Este tipo de relato, para além de desmontar a romantização da escrita, é também mais uma evidência de que a grande obra literária não sai sem que haja uma motivação descomunal, uma necessidade absoluta e irracional de escrevê-la, que suplanta pela força todos os possíveis obstáculos. Tomar consciência do cenário descrito por Ferreira de Castro diante do romance finalizado nos inclina a creditá-lo a algum milagre. Mas, decerto, nas grandes obras há menos milagre do que essa violentíssima sensação de dever.

O impressionante do hábito é acostumar…

O impressionante do hábito é acostumar a mente a tarefas difíceis, fazendo com que pareçam quase, quase fáceis; e, mesmo que não chegue a tanto, trivializa o fazê-las, algo por si só extraordinário. Psicologicamente, habituar-se a fazer algo é fazê-lo com menor esforço, como ligando um modo de execução automático. E só é possível notar o quão benéfico, o quão poderoso é o hábito ao rompê-lo e, em seguida, tentar fazer o que antes se fazia com naturalidade. Quase sempre, menor que o esforço necessário para retomá-lo é aquele necessário para desistir.

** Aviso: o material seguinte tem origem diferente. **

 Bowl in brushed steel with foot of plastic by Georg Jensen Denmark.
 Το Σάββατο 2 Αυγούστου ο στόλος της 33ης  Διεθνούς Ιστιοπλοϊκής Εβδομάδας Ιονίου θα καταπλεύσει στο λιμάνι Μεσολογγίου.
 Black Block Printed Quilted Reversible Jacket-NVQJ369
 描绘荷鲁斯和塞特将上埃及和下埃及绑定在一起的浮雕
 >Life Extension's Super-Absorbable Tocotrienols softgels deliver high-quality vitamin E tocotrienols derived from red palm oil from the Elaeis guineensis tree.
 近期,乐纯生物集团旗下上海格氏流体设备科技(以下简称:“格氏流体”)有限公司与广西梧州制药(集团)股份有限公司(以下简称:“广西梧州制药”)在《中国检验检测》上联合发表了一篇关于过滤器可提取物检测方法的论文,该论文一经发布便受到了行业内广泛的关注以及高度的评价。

É o compromisso de não desistir…

É o compromisso de não desistir o início e o prenúncio da obra literária. Sem ele, o que se faz não chega a ser obra, mas marca apenas algo passageiro e, igualmente, descartável. É somente esse compromisso o que sustentará o esforço quando as circunstâncias o sabotarem, quando faltar a própria vontade de escrever. É ele que motiva o hábito, e é somente ele que restaura a normalidade quando o hábito, violado, transmuta um estado de inércia produtiva num absoluto torpor.